We were quickly losing sunlight, so we hurried to the top of the 60 meter high crag overlooking the two main harbors to take pictures of Monaco’s not-so-remarkable castle and laughably recent 19th century cathedral. Anything that is less than 200 years old in Europe might as well have been built yesterday. After you’ve seen countless structures that are 800 to 1,000 years old in multiple cities over the course of five months, seeing a 200 year old cathedral is about as extraordinary as seeing a four hour old bagel. After the tremendous physical exertion put forth in Eze, we were barely able to scale the relatively puny staircase up to the castle. Our quadriceps had all but stopped functioning and our feet felt as if they had been flattened by a bulldozer. This “medieval” part of Monaco was very anti-climactic, but the gorgeous panoramic views of the harbors from the top of the hill at dusk partially redeemed Monaco’s repute.

Having exhausted the sights around the castle, we limped to Monaco’s famous Monte Carlo casino. We had been warned that the casino had a dress code that could even make an aristocrat nervous about their appearance. We of course looked like total doo doo. Dressed like backpackers and in desperate need of a county jail-like hose down, compounded with being dehydrated and sleep deprived, we were probably the scariest looking people in town. I was in my usual shorts and a t-shirt that hadn’t been washed in two weeks and had spent four hours completely saturated in sweat earlier that day in Eze. My appearance was drawing constant stares on the streets. The others weren’t much better. Needless to say, the Monte Carlo security guards saw us coming from 500 yards away and started to mount an all out effort to keep us off the premises. The first hurdle was the dress-code. We skirted this easily as they had forgotten to cover a sign saying that the attire requisites didn’t actually go into effect until 9:00PM. Then they wanted us to give them our bags and our passports for some bizarre reason. The bags were no problem, but I was not in possession of my passport at the time, so I was kicked to the curb. The others coughed up their passports and were allowed to move to the next ring within the casino by the reluctant and desperate guards. About 30 seconds later, they returned. Apparently, the guards demanded that they pay 10 euros per person to simply enter the casino. In typical backpacker budgets, 10 euros can fuel about four meals and none of the others were going to part with that kind of dough just to look inside. They begged and pleaded and one actually tried to jump into the doorway to just get a look, but the guard was ready for her and dove in front of her like a CIA agent taking a bullet for the president to keep her from even getting a glimpse.

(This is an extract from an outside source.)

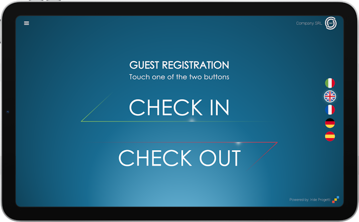 The solution captures essential guest information including first name, last name, company affiliation and other customizable data fields. The interface offers multilingual support for Italian, English, French, German and Spanish to accommodate international visitors. Privacy compliance features permit presentation of customizable informational text and collection of digital visitor signatures as part of the registration workflow.
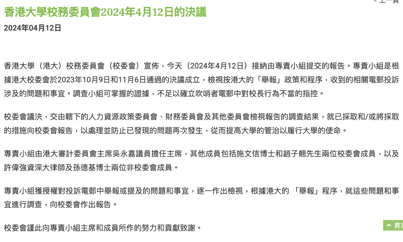 香港大學校務委員會12日晚間宣佈,接納由專責小組提交的報告。專責小組是根據港大校委會於2023年10月9日和11月6日通過的決議成立,檢視按港大的“舉報”政策和程序,收到的相關電郵投訴涉及的問題和事宜。調查小組可掌握的證據,不足以確立吹哨者電郵中對校長行為不當的指控。 張翔發表聲明稱,會加強與校委會的溝通,帶領管理層推進大學的改革,繼續提高效率。(完) 【編輯:陈卓仪】

On the way out there was a small altercation at the baggage check desk when the three women manning the counter first refused to speak English and then started to conspicuously deride the hiking boots worn by the female member of our group. Even though it was all done in French, their pretentiousness clearly showed through their looks and gestures. Picture three women, who by the way are barely doing the work of one person, coated in thick layers of makeup and perfume, dressed like they were at a royal wedding reception and feeling very majestic in their illustrious and self-important positions as baggage check girls in the richest city in Europe. We were of course lower than regurgitated worms in their eyes. I couldn’t help but notice that while these women were visibly gripped with a zealous fixation over things like wallet size and foot apparel, they were obviously less concerned about other customarily important details in life, like oral hygiene. One of the women had quite obviously not seen a dentist since her baby teeth fell out and I was getting a little nauseous just looking in her direction. Their insolent comments and behavior set off our companion with the offending hiking boots into a two hour rage of babbling out loud to no one in particular about wanting to see the “bag ladies” walk up-hill for an hour in their high heels and how she was probably spending more money on her trip through Europe than they made in a year.

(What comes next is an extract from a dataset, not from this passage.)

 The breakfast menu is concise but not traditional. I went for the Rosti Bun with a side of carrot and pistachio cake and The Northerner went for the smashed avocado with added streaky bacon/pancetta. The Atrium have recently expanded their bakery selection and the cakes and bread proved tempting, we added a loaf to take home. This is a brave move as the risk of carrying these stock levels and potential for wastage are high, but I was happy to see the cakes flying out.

After being brusquely shooed out of the Monte Carlo we happened by a small exhibit of classic race cars that appeared to be on display in the street for no reason other than bragging rights. Two guys in our group happened to be crazed car enthusiasts and they examined the cars closely. The entire time that this was going on a street cop hovered near by, with one hand poised alertly on his weapon in case one of us were to dare breath on the vehicles in an unacceptable manner.

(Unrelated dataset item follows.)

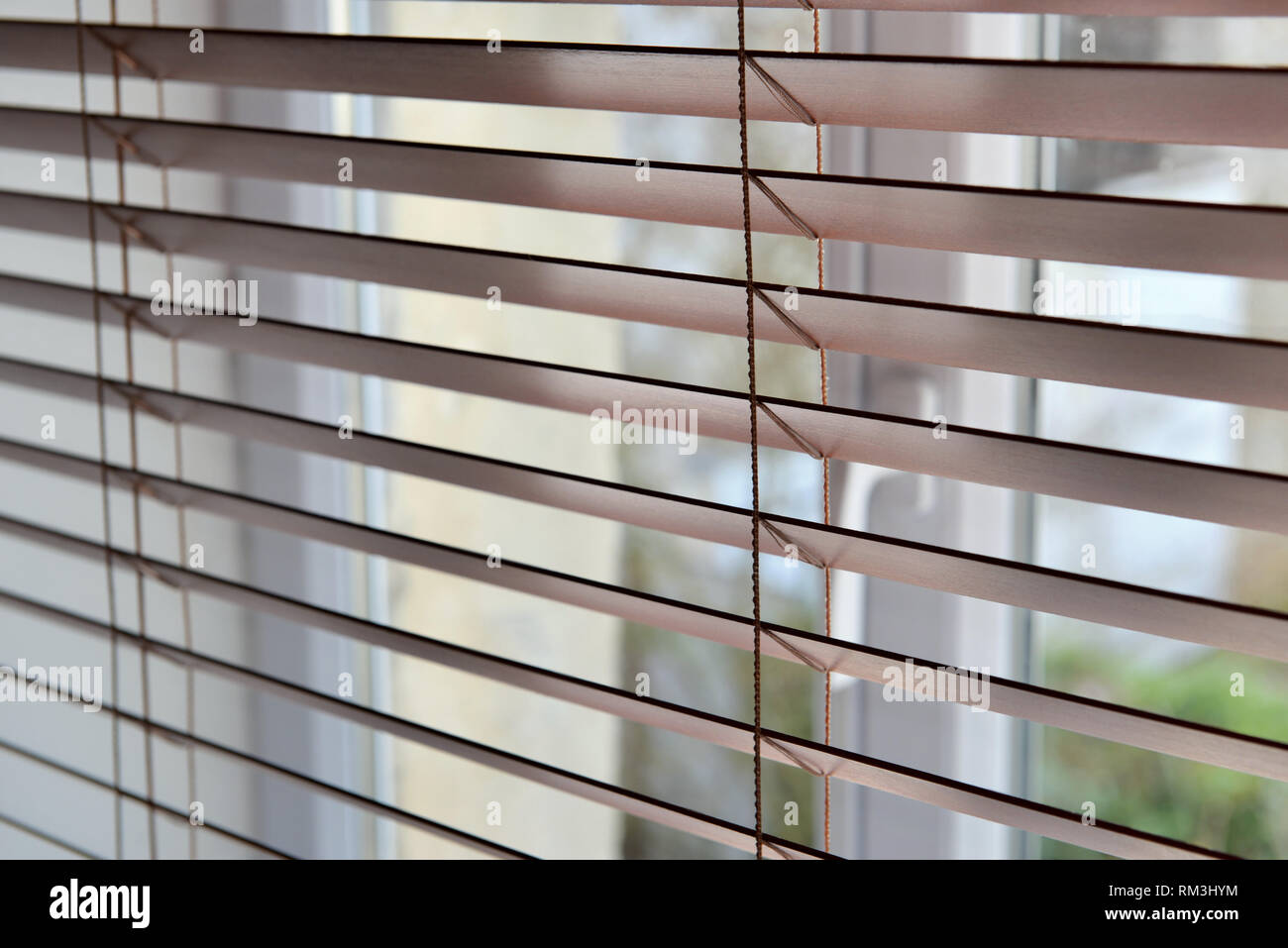 Close On A Venetian Wooden Blinds In Front Of A Window Stock Photo Alamy

Feeling very unwelcome and defensively ornery by this point, we decided to get the Hell, Norway out of there and spent the rest of the night drinking $3 wine and trash talking the people and atmosphere of rude, nasty, contemptuous, materialistic, boring Monaco. So there!

After seven hours of hard drinking and five hours of sleep, we regrouped and headed for yet another day trip to Antibes and Cannes. We were all very shaky and brain damaged at this point. We pooled together what cumulative brain cells that we had at our disposal, bought the round-trip train ticket and spent the 30 minute ride staring into space and taking involuntary blink-naps, featuring vivid and confusing dreams that often included events from the previous two days.


OK, so you have a quillion dollar yacht, but parking you Porsche next to it is just going too far!

Fortunately the weather was absolutely perfect once again and after we got off the train and started walking we brightened up enough to stare at all of the mulit-million dollar pleasure boats in Antibes’ marina which has 2,400 boat berths, reportedly the most of any marina in the world.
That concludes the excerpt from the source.